Оба эти впечатления – гул голосов с звоном цепей и этот ужасный запах – всегда сливались для Нехлюдова в одно мучительное чувство какой-то нравственной тошноты, переходящей в тошноту физическую. И оба впечатления смешивались и усиливали одно другое.
Глава XII
[описание заключенного]
Ему никакого дела не было до того, каким образом начался мир, по Моисею или Дарвину, и дарвинизм, который так казался важен его сотоварищам, для него был такой же игрушкой мысли, как и творение в шесть дней.
Его не занимал вопрос о том, как произошел мир, именно потому, что вопрос о том, как получше жить в нем, всегда стоял перед ним. О будущей жизни он тоже никогда не думал, в глубине души нося то унаследованное им от предков твердое, спокойное убеждение, общее всем земледельцам, что как в мире животных и растений ничто не кончается, а постоянно переделывается от одной формы в другую – навоз в зерно, зерно в курицу, головастик в лягушку, червяк в бабочку, желудь в дуб, так и человек не уничтожается, но только изменяется. Он верил в это и потому бодро и даже весело всегда смотрел в глаза смерти и твердо переносил страдания, которые ведут к ней, но не любил и не умел говорить об этом. Он любил работать и всегда был занят практическими делами и на такие же практические дела наталкивал товарищей.
***
[о религии]
К религии он относился так же отрицательно, как и к существующему экономическому устройству. Поняв нелепость веры, в которой он вырос, и с усилием и сначала страхом, а потом с восторгом освободившись от нее, он, как бы в возмездие за тот обман, в котором держали его и его предков, не уставал ядовито и озлобленно смеяться над попами и над религиозными догматами.
Глава XIX
[о том, что важно видеть]
Знать, что где-то далеко одни люди мучают других, подвергая их всякого рода развращению, бесчеловечным унижениям и страданиям, или в продолжение трех месяцев видеть беспрестанно это развращение и мучительство одних людей другими – это совсем другое.
***
[о сумасшествии]
Но люди (и их было так много) производили то, что его так удивляло и ужасало, с такой спокойной уверенностью в том, что это не только так надо, но что то, что они делают, очень важное и полезное дело, – что трудно было признать всех этих людей сумасшедшими; себя же сумасшедшим он не мог признать, потому что сознавал ясность своей мысли. И потому постоянно находился в недоумении.

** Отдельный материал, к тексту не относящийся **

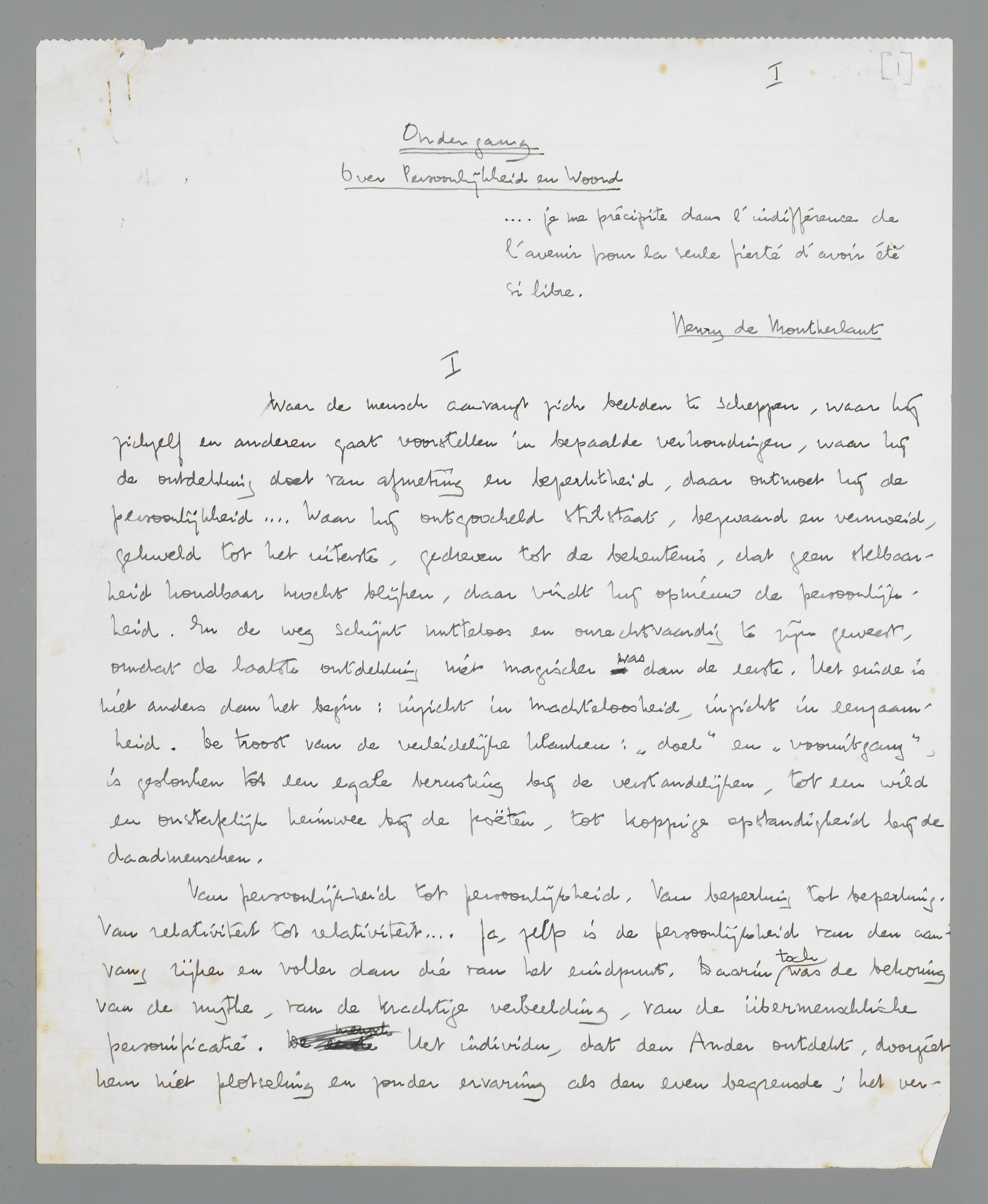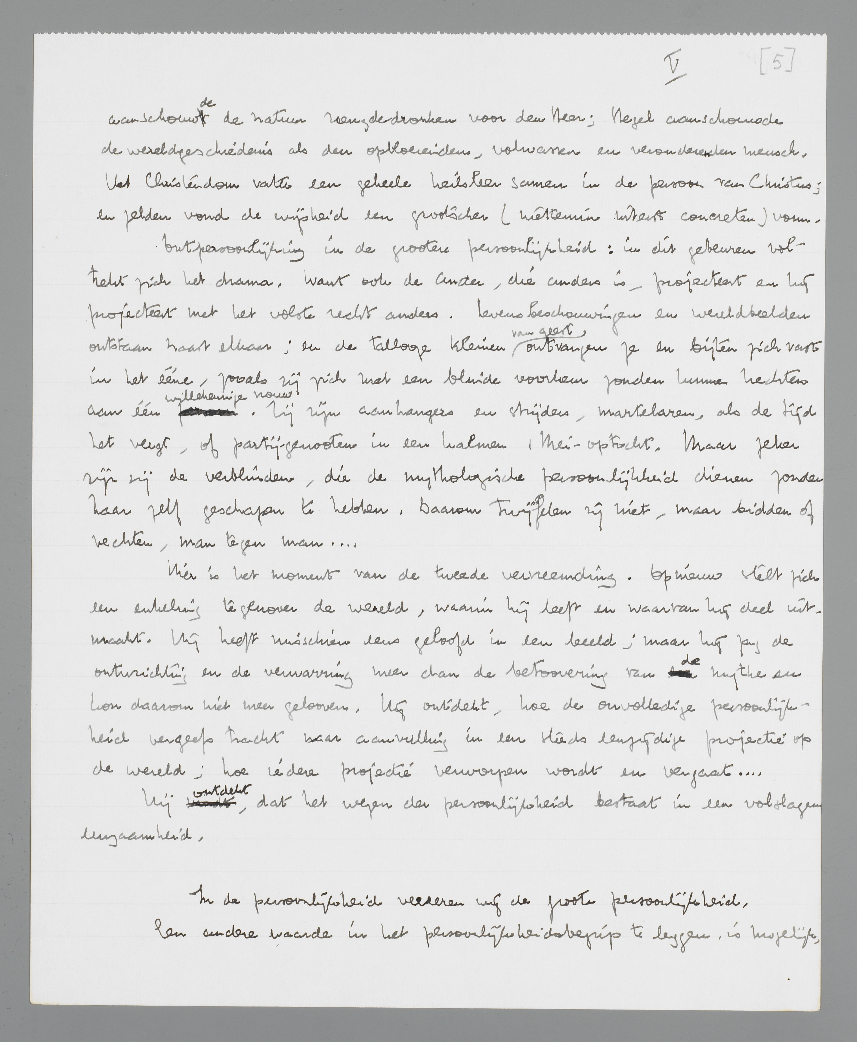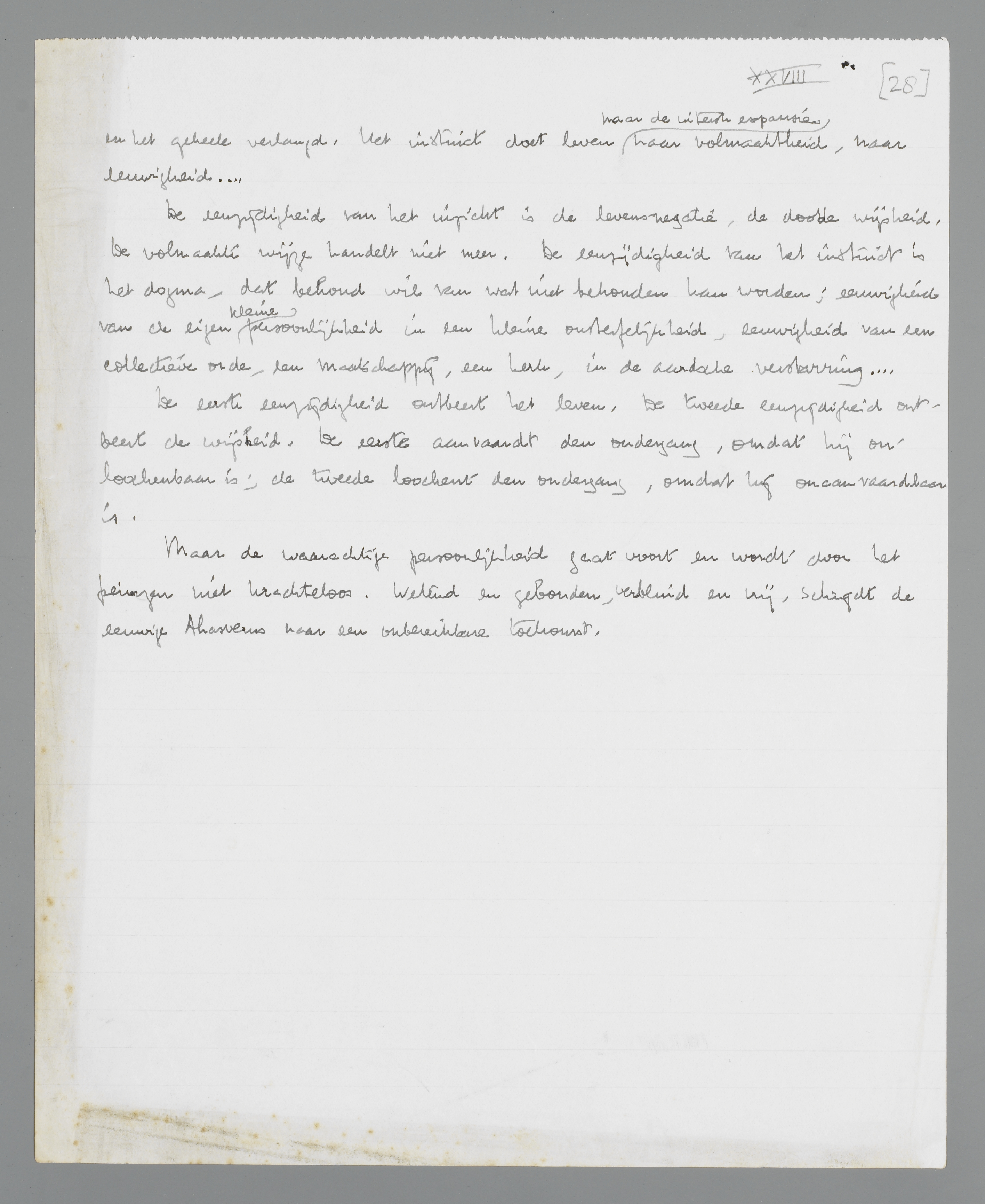 Waar de mensch aanvangt zich beelden te scheppen, waar hij zichzelf en anderen gaat voorstellen in bepaalde verhoudingen, waar hij de ontdekking doet van afmeting en beperktheid, daar ontmoet hij de persoonlijkheid... Waar hij ontgoocheld stilstaat, bezwaard en vermoeid, gekweld tot het uiterste, gedreven tot de bekentenis, dat geen stelbaarheid houdbaar mocht blijken, daar vindt hij opnieuw de persoonlijkheid. En de weg schijnt nutteloos en onrechtvaardig te zijn geweest, omdat de laatste ontdekking niet magischer, zelfs troosteloozer was dan de eerste. Het einde is niet anders dan het begin: inzicht in machteloosheid, inzicht in eenzaamheid, terwijl de hoop op een eindelijke overwinning verdween. De troost van de verleidelijke klanken: ‘doel’ en ‘vooruitgang’ is geslonken tot een egale berusting bij de verstande-

То, что в продолжение этих трех месяцев видел Нехлюдов, представлялось ему в следующем виде: из всех живущих на воле людей посредством суда и администрации отбирались самые нервные, горячие, возбудимые, даровитые и сильные и менее, чем другие, хитрые и осторожные люди, и люди эти, никак не более виновные или опасные для общества, чем те, которые оставались на воле, во-первых, запирались в тюрьмы, этапы, каторги, где и содержались месяцами и годами в полной праздности, материальной обеспеченности и в удалении от природы, семьи, труда, то есть вне всех условий естественной и нравственной жизни человеческой. Это во-первых. Во-вторых, люди эти в этих заведениях подвергались всякого рода ненужным унижениям – цепям, бритым головам, позорной одежде, то есть лишались главного двигателя доброй жизни слабых людей – заботы о мнении людском, стыда, сознания человеческого достоинства. В-третьих, подвергаясь постоянной опасности жизни, – не говоря уже об исключительных случаях солнечных ударов, утопленья, пожаров, – от постоянных в местах заключения заразных болезней, изнурения, побоев, люди эти постоянно находились в том положении, при котором самый добрый, нравственный человек из чувства самосохранения совершает и извиняет других в совершении самых ужасных по жестокости поступков. В-четвертых, люди эти насильственно соединялись с исключительно развращенными жизнью (и в особенности этими же учреждениями) развратниками, убийцами и злодеями, которые действовали, как закваска на тесто, на всех еще не вполне развращенных употребленными средствами людей. И, в-пятых, наконец, всем людям, подвергнутым этим воздействиям, внушалось самым убедительным способом, а именно посредством всякого рода бесчеловечных поступков над ними самими, посредством истязания детей, женщин, стариков, битья, сечения розгами, плетьми, выдавания премии тем, кто представит живым или мертвым убегавшего беглого, разлучения мужей с женами и соединения для сожительства чужих жен с чужими мужчинами, расстреляния, вешания, – внушалось самым убедительным способом то, что всякого рода насилия, жестокости, зверства не только не запрещаются, но разрешаются правительством, когда это для него выгодно, а потому тем более позволено тем, которые находятся в неволе, нужде и бедствиях.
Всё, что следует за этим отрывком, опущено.